> **EXERCISE DIRECTIONS**:
Repeat exactly, and only, the lines below starting at the line that contains "7月4日Mysteel上海现" and ending at the line that contains "in the cytoplasm/nuclei", inclusive of both.

> **DATA SHOWN**:
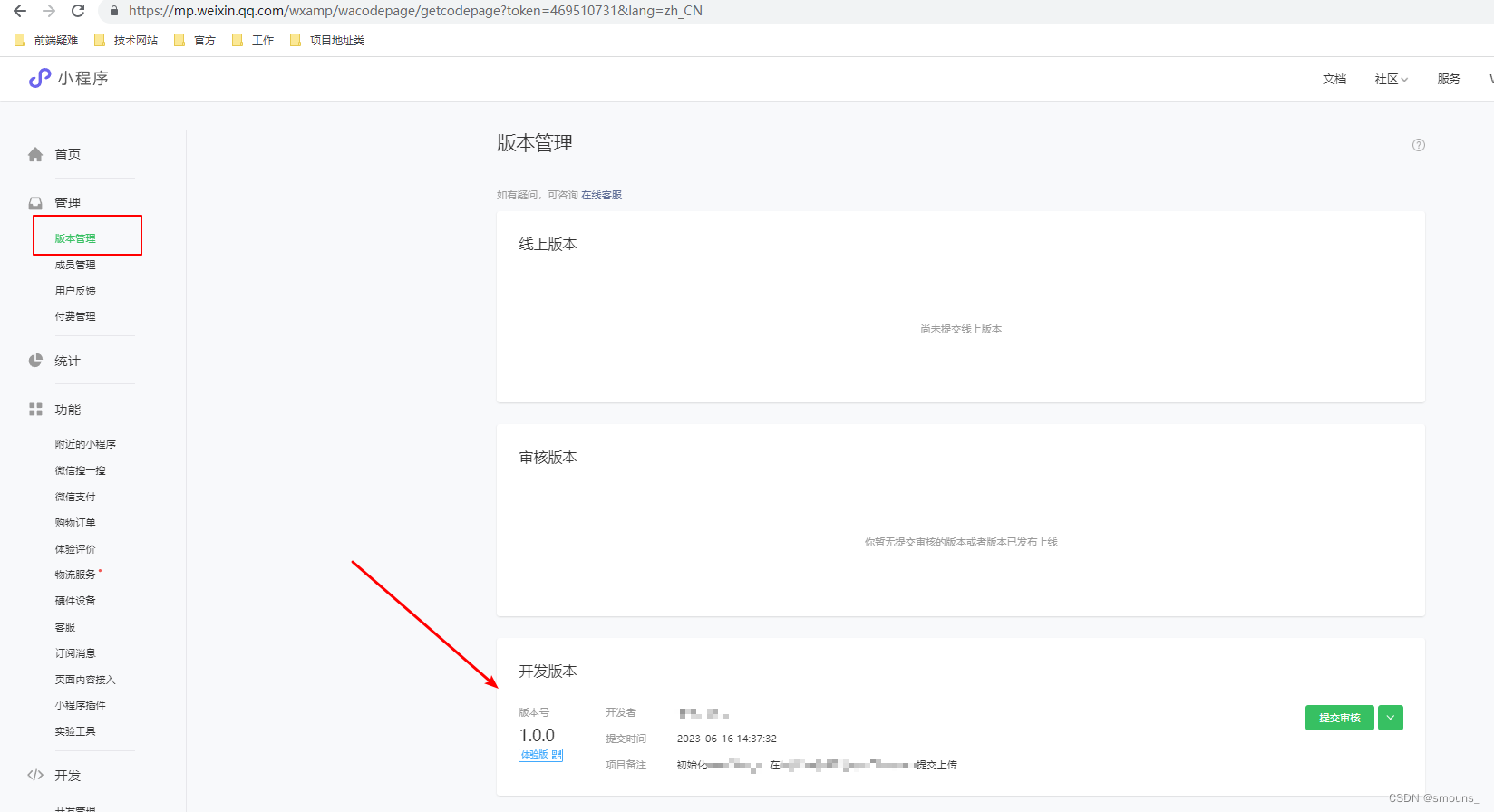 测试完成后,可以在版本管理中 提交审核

==

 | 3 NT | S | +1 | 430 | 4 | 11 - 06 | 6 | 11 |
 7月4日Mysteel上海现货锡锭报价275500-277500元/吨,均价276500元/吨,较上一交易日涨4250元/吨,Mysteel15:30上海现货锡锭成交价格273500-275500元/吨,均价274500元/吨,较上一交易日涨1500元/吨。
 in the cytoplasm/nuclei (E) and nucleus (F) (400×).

> **ANSWER SPACE**:
 7月4日Mysteel上海现货锡锭报价275500-277500元/吨,均价276500元/吨,较上一交易日涨4250元/吨,Mysteel15:30上海现货锡锭成交价格273500-275500元/吨,均价274500元/吨,较上一交易日涨1500元/吨。
 in the cytoplasm/nuclei (E) and nucleus (F) (400×).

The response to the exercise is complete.